Banning Lewis Ranch back in business in NE Colorado Springs
Major housing project rebounds from 2007-2008 recession
It's a project you may have forgotten about, but the troubled Banning Lewis Ranch development in Colorado Springs has quietly made a strong comeback in the past year.
In May 2012, Denver-based Oakwood Homes paid $16 million for the 24,000-acre property near the intersection of Woodmen and Marksheffel roads after the previous owners declared bankruptcy three years ago.
Since then, said Oakwood regional vice president Mike Tinlin, six builders have added 240 homes to the existing 350 homes. He said Oakwood plans to build a total of 7,500 homes by 2028 -- only a tenth of the homes planned during the next 50 years by the previous owners.
"Everyone thinks we're still in bankruptcy after the (2007-2008) recession," said Tinlin. "But we're not. We're alive and well, and back in business. I think it's better than we expected."
Tinlin said property values have risen as much as $25,000 since Oakwood bought the property.
"We're seeing 17 to 18 house sales a month," he said. "The homes are selling as fast as we can build them."

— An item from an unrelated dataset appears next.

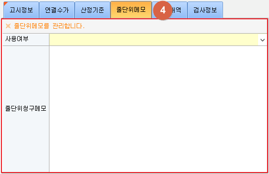 ① 고시정보를 확인할 수 있습니다. 내용을 변경할 수 없습니다. 2. 추가정보 탭 ② 연결수가 항목이 표시됩니다. [추가] 버튼 클릭 시 약수가 검색 창이 팝업됩니다. [제거] 버튼 클릭 시 목록에서 선택된 연결수가를 제거합니다. 우측하단의 순서변경 버튼을 사용하여 순서를 변경할 수 있습니다.

The demand means Carol Pounds should have no trouble selling her home. After moving to the ranch in 2009, she's moving to California to live with her daughter.

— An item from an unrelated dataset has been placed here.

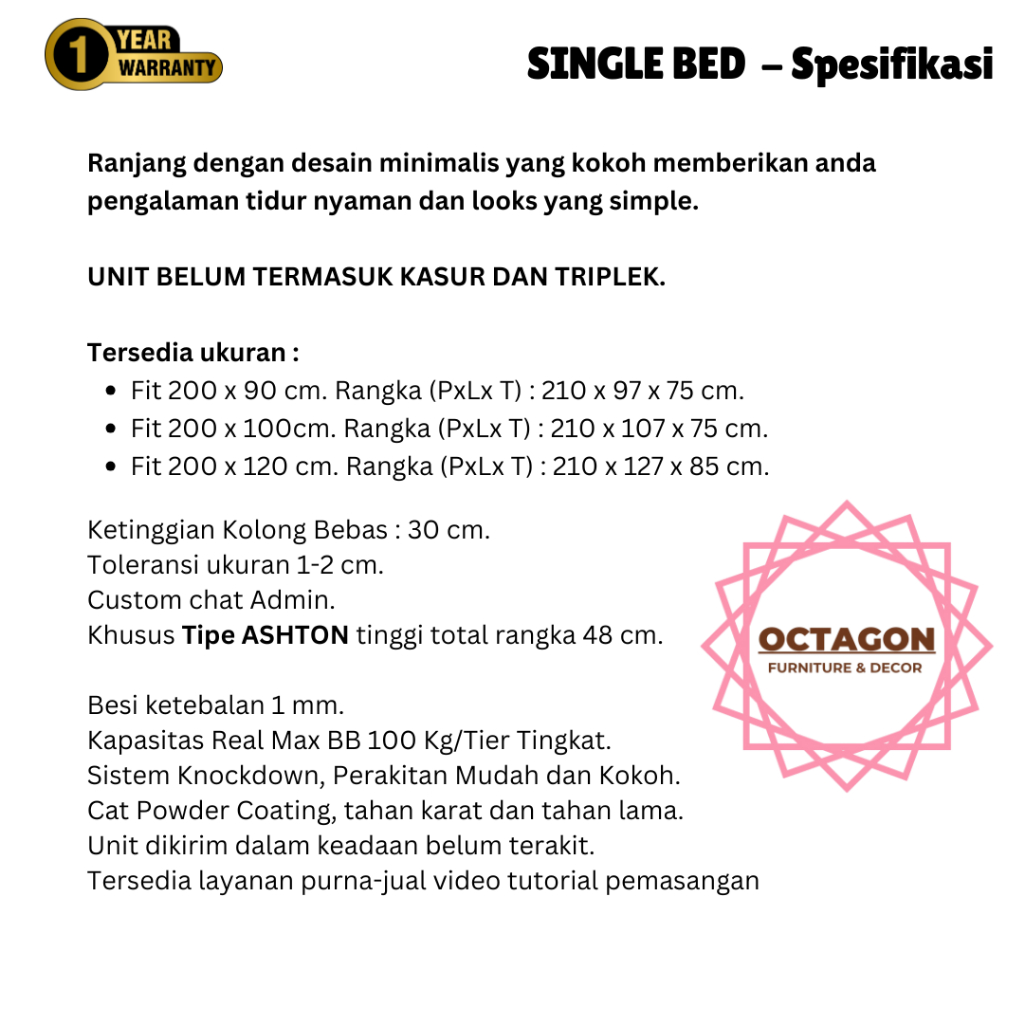 RANJANG BESI MINIMALIS SINGLE ANDERSON 90X200 100X200 120X200

"It's just been a nice place to live," she said. "The family atmosphere is what brought me here and will bring others here."
The ranch includes parks, trails, a recreation center, a swimming pool and a charter school. Oakwood is considering more schools and possibly a second pool.
Jason Brockman moved into the ranch earlier this year with his wife and kids. He said he likes the area but is unhappy about problems from builder Richmond Homes. A neighbor mentioned similar problems.
"There was a sinkhole in the front yard and a leaky ceiling in the bedroom," said Brockman. "I sure hope they can fix it. We've been working on it for almost three months, asking them daily."
A Richmond spokeswoman said the company has built so many homes so quickly that it's been unable to keep up with repairs covered by the homes' warranties. She said Richmond has hired more people to address the problems.
Oakwood said oil and gas drilling in the area -- which may have discouraged potential homeowners in the past -- is no longer an issue. Except for around a dozen lots still in bankruptcy, there are no lingering problems from previous ownership, Oakwood said.